Can anyone please tell me how to burn emails from my outlook express to cd. I have some very important legal documents that I want to save,but need to free up space on my computer. Any help here would be really appreciated.


----------



## SupportChic (Jun 30, 2003)

I believe you will have to save the email or attachment before burning it. You can always delete it after verifying the data from the burn.


----------



## Moby (Mar 19, 2002)

Create a folder on your desktop and give it any name.
Then open up outlook express. Once opened, minimise it a bit (dragging the programme window edges in) so you have the outlook express window open big enough to see the message headers, but small enough to see the folder on your desktop. You can then drag the messages, by the header/subject line into the folder. This copies the emails to the folder, not move.
You can select multiple messages by selecting the first e-mail, then whilst holding down the shift key, select the last e-mail in the list. All in between will be selected. You can select multiple _random_ messages also, by holding down the control key whilst selecting them, all clicked messages stay selected this way.Then drag them to the folder on mass.
Once finished, burn that folder to a CD in the normal way. With this method, you will be able to read the emails directly from the CD too.


----------



## pikestaff (Nov 22, 2006)

Hello Moby, thank you for your very clear and precise instructions, you have saved me a mitfull of dosh, I'm on a low pension now. many thanks
Pikestaff


----------



## Moby (Mar 19, 2002)

No worries. I hope it didn't take you those 6 months to do it.


----------



## steveg80 (Nov 9, 2006)

Moby said:


> Create a folder on your desktop and give it any name.
> Then open up outlook express. Once opened, minimise it a bit (dragging the programme window edges in) so you have the outlook express window open big enough to see the message headers, but small enough to see the folder on your desktop. You can then drag the messages, by the header/subject line into the folder. This copies the emails to the folder, not move.
> You can select multiple messages by selecting the first e-mail, then whilst holding down the shift key, select the last e-mail in the list. All in between will be selected. You can select multiple _random_ messages also, by holding down the control key whilst selecting them, all clicked messages stay selected this way.Then drag them to the folder on mass.
> Once finished, burn that folder to a CD in the normal way.
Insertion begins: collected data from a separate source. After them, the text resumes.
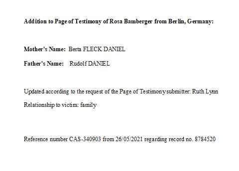 Роза Бамбергер, девичья фамилия Даниэль, место рождения: Netztal, Польша. Место жительства до войны: Берлин, Германия. Роза уничтоженa в период Шоа. место смерти: Берлин, Германия в 07/01/1940.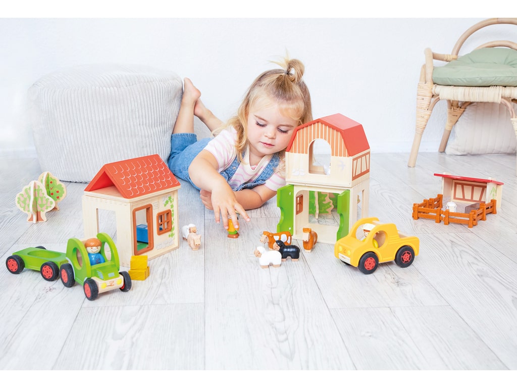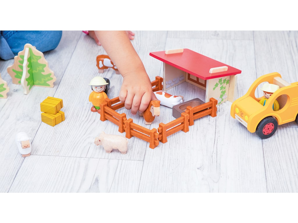 Σετ φάρμας μινιατούρες, ιδανικές για τα μικρά χεράκια. Τα παιδιά θα ανακαλύψουν τη ζωή στην εξοχή φτιάχνοντας τη δική τους φάρμα με αυτό το σετ που περιλαμβάνει αχυρώνα, στάβλο, τρακτέρ, αγροτικό, σπίτι για την οικογένεια, πρόβατο, αγελάδα, άλογο, κοτόπουλα κ.α.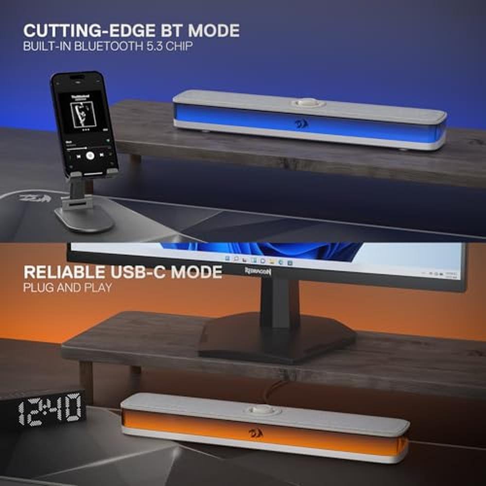Indulge in immersive audio with the Redragon GS515 RGB Desktop Soundbar, expertly crafted for premium desktop audio experiences. As a top-tier choice for high-end desktop audio solutions, this 2.0 channel stereo soundbar delivers crystal-clear sound and vibrant RGB lighting. With the latest BT 5.3 technology and convenient USB-C/USB powered connectivity, you can easily pair your device and enjoy seamless music streaming. Whether you're looking for superior desktop speakers or a high-performance desktop soundbar to elevate your computer audio, the GS515 is an excellent option. Its sleek gray design complements any upscale desktop setup, making it a perfect addition to your home or office. The Redragon GS515 RGB Desktop Soundbar is designed to provide an ultimate audio experience, with advanced features such as wireless connectivity and a sophisticated design. Experience the best of desktop audio with the Redragon GS515 RGB Desktop Soundbar, a top-of-the-line choice for those seeking premium sound quality and exclusive design.

With this method, you will be able to read the emails directly from the CD too.


Hi Moby,

Would the procedure be the same if you are using the Microsoft Entourage Email program on a Macintosh computer ? I have been trying every which way to copy my email msgs - I have 30K + and need them all copied onto a cd and/or different computer.

THANKS A TON


----------



## Moby (Mar 19, 2002)

I've never used that e-mail programme or a Mac so I have no idea. Just try it and see.


----------